Financial sector firms increasingly “get” market surveillance. Once seen as a costly extravagance, firms have come to realize that market surveillance technology is critical to avoiding regulatory fines and brand damage. As a result, the market is booming. In its latest analysis of the market surveillance vendor ecosystem, Greenwich Associates forecasts that the global market for surveillance solutions could grow by as much as 21% in 2021.
Greenwich has ranked market surveillance vendors according to their position in the overall market. In this ranking, RIMES is recognized as “segment specialist” for our RegFocus Market Surveillance service. Greenwich notes that “RIMES’ product portfolio is strongly positioned, and being well-resourced has allowed RegFocus to follow an aggressive development strategy in preparation to pursue buy-side surveillance market share in the US and Europe”.

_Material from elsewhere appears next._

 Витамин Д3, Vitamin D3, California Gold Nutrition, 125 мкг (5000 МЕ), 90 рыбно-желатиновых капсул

Scott Burke, Regulatory Product Manager at RIMES, comments: “Greenwich’s report highlights the need for financial sector firms to think strategically about their investments. One key decision is whether to go with an established vendor, or with newer entrants to the category.

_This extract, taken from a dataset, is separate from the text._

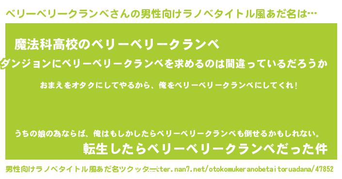 | 胡散臭い通販商品みたいなあだ名 | 『100人中100人が認めたイリジウム磁石…その名も「ベリーベリークランベ」』 |

“This is important because firms need to tailor their surveillance regime to fit their business risk profile – something which is exponentially easier to achieve with an emerging provider that’s keen to partner and grow with its client base. At heart, this is a choice between inflexible, one-size-fits-all first-generation technology and agile next-gen technology.
“The current upswing in regulatory enforcement and oversight in this area, combined with the new normal of remote working has created a perfect storm whereby firms must take a highly strategic view of their surveillance and monitoring technologies. One thing is certain: unprecedented transparency via trade reporting, and the related use by regulators of powerful analytics engines to identify insider trading and market abuse, mean that all financial sector firms now have an imperative to ensure there are no gaps in their data coverage and monitoring capabilities.
“From a technology perspective, that means firms should look to implement highly automated systems that can integrate trade and communications surveillance (including coverage of all digital communications channels – something that’s increasingly important as home working becomes business as usual).”